# Bedside Table Project



## Anthony Vu (Oct 17, 2012)

As a noob to the woodworking, I thought I'd try my hand at building my own bedside table.

Below is a sample bedside table I liked from Pottery Barn.









I got onto Sketchup and started making the plans. I wanted the drawer to have dovetails, but didn't know how to go about that in Sketchup. I hope that won't mess me up in terms of measuring. I know real world experience will teach me via trial and error. I may run test dovetail joints before making the actual drawer.

Top Perspective View









Bottom Perspective View









Top









I know I'll have to buy more tools, in the process of making this. I still haven't even decided on what kind of wood to use, nor how to cut that shape for the bottom part of the legs.

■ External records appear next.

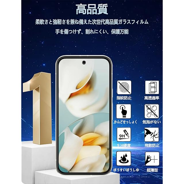 商品名:Google Pixel 9A 保護フィルム 2枚+ Google Pixel 9A カメラ保護 2枚+ガイド枠付き 表面硬度9H グーグルピクセル9A フィルム ワンタッチ貼付け 気泡ゼロ 衝撃 Google Pixel 9A用の ガラスフィルム 超クリアな画質 高光沢、自動吸着、耐油性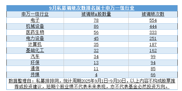 据私募排排网统计,9月电子成为私募调研频次最多的行业,该行业中78只个股接受私募调研,合计调研频次达554次。机械设备板块则以444次的调研频次紧随其后,被调研个股数量达86家。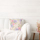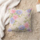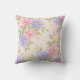 Dit kussen heeft een zachte crème achtergrond met roze en blauw roos.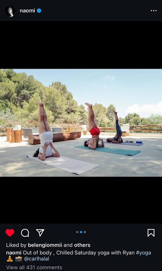 Мама двоих детей опубликовала на своей страничке в Instagram фото, на котором занимается йогой в компании испанского актера Джона Кортахарены и звезды «Форсажа» Мишель Родригес. Наоми выполнила несколько асан, завершив упражнения стойкой на голове.

For a novice like myself, I didn't realize how complicated this build was until I actually draw out the plans for it.


----------



## Shop Dad (May 3, 2011)

Welcome to the forum! It's great to start with a vision of what you want. You are finding already there is a good deal of knowledge, skill and tool set up that goes into something like this. Check out some of the build threads here. Wood, and other magazines are also good for laying out how things go together. Look forward to seeing this in progress.


----------



## DaveTTC (May 25, 2012)

You'll love it here. Looks like you have a good grasp of the theory. That is a great head start for the practical. 

Keep us posted, there will be heaps of advise on here.

Dave The Turning Cowboy


----------